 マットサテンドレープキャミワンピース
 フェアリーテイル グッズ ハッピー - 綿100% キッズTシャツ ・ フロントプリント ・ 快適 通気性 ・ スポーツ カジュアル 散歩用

* * *

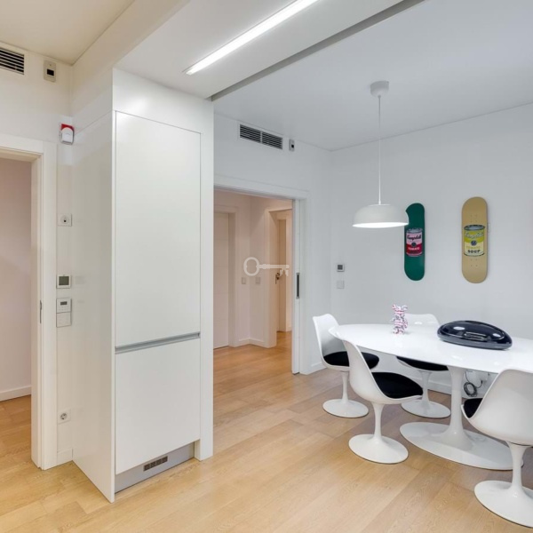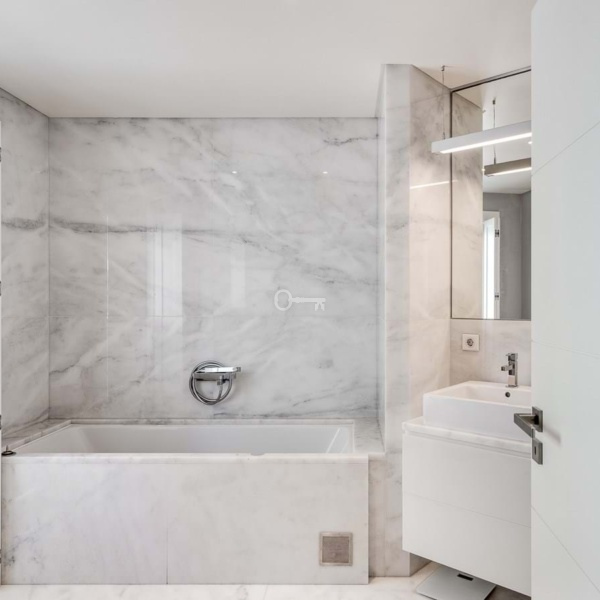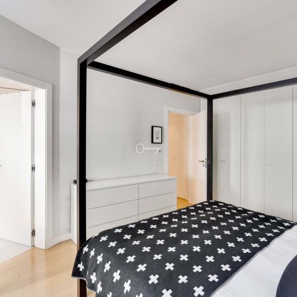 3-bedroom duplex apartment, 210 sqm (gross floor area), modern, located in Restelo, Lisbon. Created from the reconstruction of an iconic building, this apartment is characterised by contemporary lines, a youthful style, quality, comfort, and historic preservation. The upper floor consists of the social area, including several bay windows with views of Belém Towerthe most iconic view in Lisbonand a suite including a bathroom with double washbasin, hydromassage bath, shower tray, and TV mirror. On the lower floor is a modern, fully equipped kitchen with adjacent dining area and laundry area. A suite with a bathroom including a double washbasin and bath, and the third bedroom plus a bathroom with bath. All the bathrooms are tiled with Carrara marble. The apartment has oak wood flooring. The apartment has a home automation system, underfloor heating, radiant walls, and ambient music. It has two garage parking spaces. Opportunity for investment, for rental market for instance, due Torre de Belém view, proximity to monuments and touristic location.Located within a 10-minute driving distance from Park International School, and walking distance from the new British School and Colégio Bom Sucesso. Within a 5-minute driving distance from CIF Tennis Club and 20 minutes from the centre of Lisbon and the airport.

● **WORK TO BE COMPLETED**: Please give an exact copy of the entries above, from the line with "マットサテンドレープキャミワンピース" down to the line with "フェアリーテイル グッズ ハッピー", inclusive, and nothing else.

● **ANSWER SPACE**:
 マットサテンドレープキャミワンピース
 フェアリーテイル グッズ ハッピー - 綿100% キッズTシャツ ・ フロントプリント ・ 快適 通気性 ・ スポーツ カジュアル 散歩用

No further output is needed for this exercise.